失礼。興奮してしまいましたわ。これは確定ですわね。乙女ゲームが始まる前の世界で。さあ、主人公の乙女は地球からやってくるのか。既に生まれているのか。転生者か。
お会いするのが楽しみです。
私が断罪されないのであれば、ですが。
さて、やることも特にありませんし、天気もいいですから、テラスでのんびり日向ぼっこでもしましょうか。
マクライン家は高台にあるらしく、眼下に海が見えます。我が家のプライベートビーチらしいので、温かくなったら行ってみたいですわね。
温かくなったら。
……寒いですわ。
今は2月中旬。暖かい地域とはいえまだ肌寒く、海風が容赦ないです。
私は観音開きのテラスに続く扉を開けたまま固まり、外に出ることなくそっと閉めました。

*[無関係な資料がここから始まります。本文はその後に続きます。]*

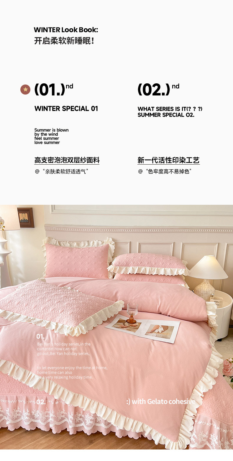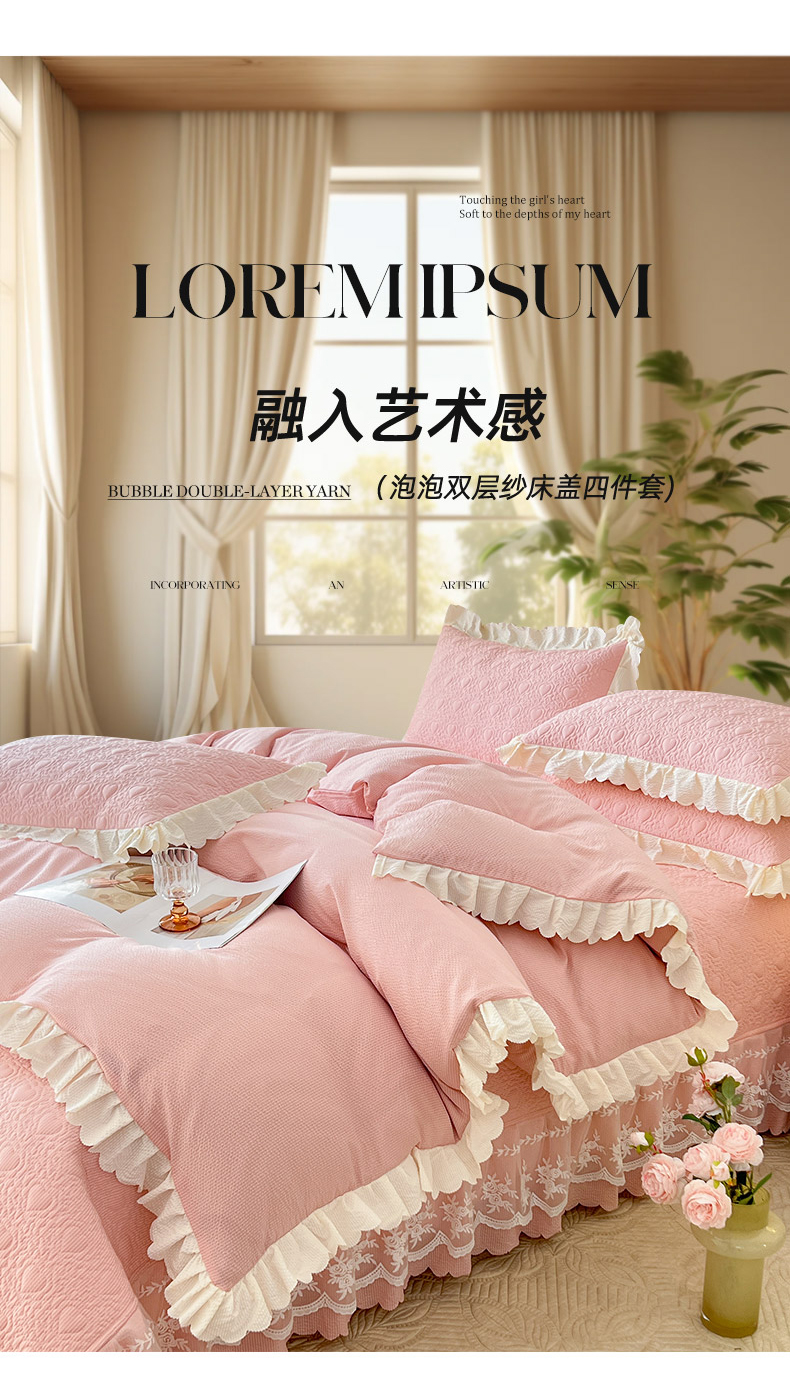 当前位置: 91家纺网 > 商品网购 > 床品套件 > 四件套 > 其它四件套 > 丝印良品 2024新款秋冬泡泡双层纱夹棉床盖四件套仙姿玉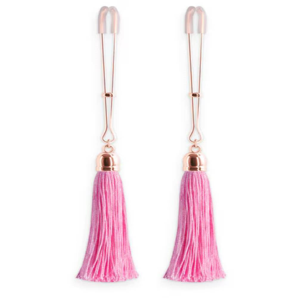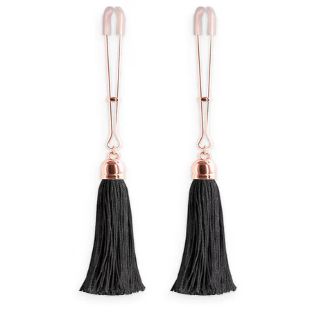 Adjustable nipple clamps with silicone tips and nickel-free iron construction. Customizable pressure control for precise stimulation.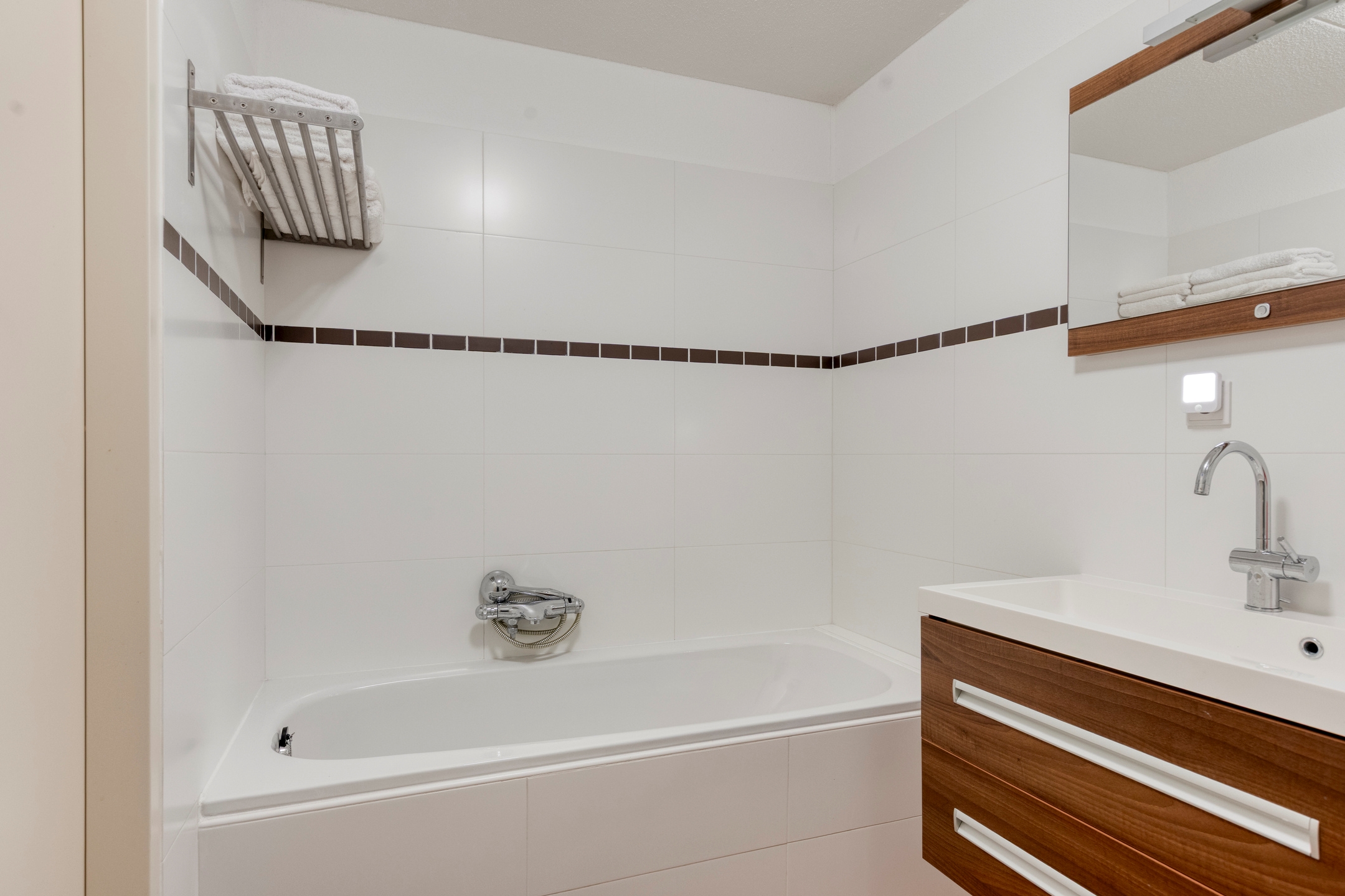 Badkamer, een ruime badkamer met grotendeels tegels op de muren, voorzien van een ligbad met thermostaatkraan, ruime douchecabine met thermostaatkraan, wastafel met onderladen en spiegel met verlichting, mechanische ventilatie en een badkamerradiator.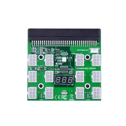 12 port breakout board Combined with the quality of an HP, Delta, or Lite-On server PSU, the X8 breakout board was designed to withstand the harsh cryptocurrency mining environment 24/7/365. Combine this adapter with a server power supply to use with ASIC miners and GPU mining rigs to mine bitcoin and other crypto currencies. All components tested before shipping. Cable Option 1: 6 Pin PCIE to 6 Pin PCIE  (Typically used with ASIC Mining) Cable Option 2: 6 Pin PCIE to 8 Pin (6+2) (ASIC or GPU Mining)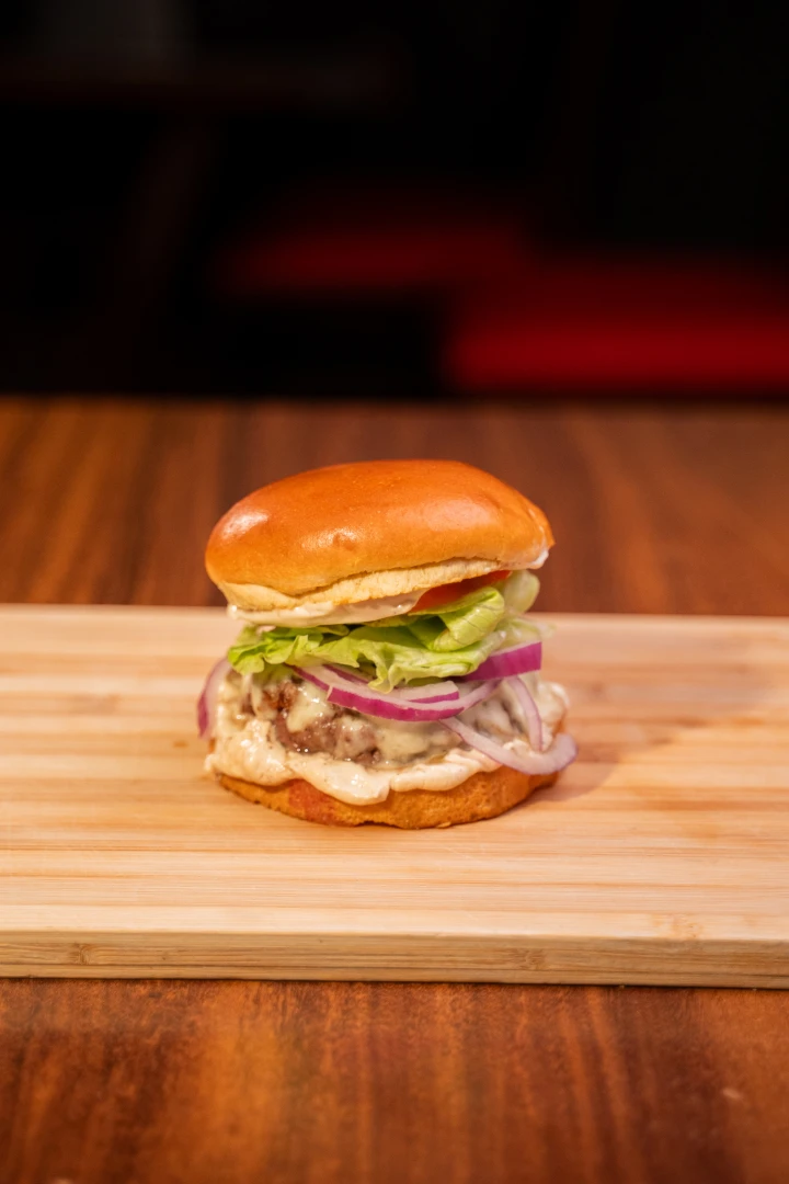 Pão tradicional, burger 140g, mussarela, alface, tomate, cebola roxa e molho grill.

すでに室内にお茶の用意がされています。サラ=アン、分かっていましたのね。
なんだか悔しいですわ。でも一瞬で冷えた体にはとてもありがたいです。
窓辺で日向ぼっこをしながらお茶を頂くことにしましょう。
風がないだけで大分暖かく感じます。
さて、折角たっぷりと時間はありますし、これからのことを考えるにしても、色々考察してみましょうか。
まずは我が家の爵位から。
私の父の爵位は伯爵。
伯爵。微妙です。
いえ、爵位が微妙と言うわけでは決してありません。立派な爵位です。
そういう意味ではなく、立ち位置的にどちらにでもなれるという意味で微妙なのです。
平民、男爵、子爵だと乙女の可能性が高く、
侯爵または公爵だと悪役令嬢の可能性が高い。
子爵と侯爵の間。会社ならば係長。ザ・中間。
伯爵家のお嬢様は、乙女にも、悪役令嬢にも、取り巻きにも、モブにすらなれる、いわばバイプレイヤー。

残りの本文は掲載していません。